A grouped bar chart comparing key Census indicators across the three cities.

In [None]:
census = data['census']
metrics = ['poverty_rate', 'unemployment_rate', 'bachelor_degree_pct']
labels  = ['Poverty Rate (%)', 'Unemployment (%)', "Bachelor's Degree+ (%)"]
communities = census['community'].tolist()

x = np.arange(len(metrics))
width = 0.25
colors = ['#4C72B0', '#DD8452', '#55A868']

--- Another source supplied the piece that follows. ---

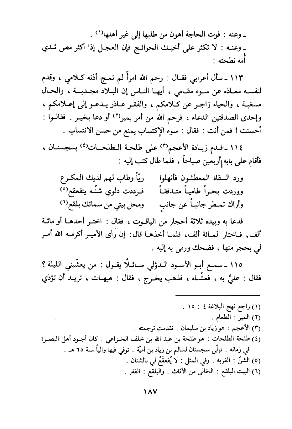 114- قدم زيادة الأعجم «3» على طلحة الطلحات «4» بسجستان، فأقام على بابه أربعين صباحا، فلما طال كتب إليه:
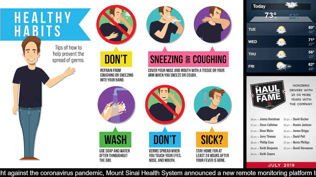 Screens are placed in high traffic areas, like the drivers’ lounge and the drivers’ main entry-point to the building, with the goal of engaging and informing them in the brief periods when they’re around company facilities. Each sign has a weather widget, news ticker, and company information. All the content is produced internally.

fig, ax = plt.subplots(figsize=(10, 5))
for i, (community, color) in enumerate(zip(communities, colors)):
    row = census[census['community'] == community].iloc[0]
    values = [float(row[m]) for m in metrics]
    bars = ax.bar(x + i * width, values, width, label=community, color=color, alpha=0.85)

ax.set_xticks(x + width)
ax.set_xticklabels(labels, fontsize=11)
ax.set_title('Demographic Comparison Across Communities (Census ACS)', fontsize=13)
ax.set_ylabel('Percentage')
ax.legend()
plt.tight_layout()
plt.savefig('../data/sample/fig_demographics.png', dpi=150, bbox_inches='tight')
plt.show()

---
## Figure B — News Sentiment Distribution

Box plot of raw sentiment scores per community + stacked bar of positive/neutral/negative counts.

In [None]:
news = data['news'].copy()

def categorise(s):
    if s > 0.2: return 'positive'
    if s < -0.2: return 'negative'
    return 'neutral'

news['category'] = news['sentiment_score'].apply(categorise)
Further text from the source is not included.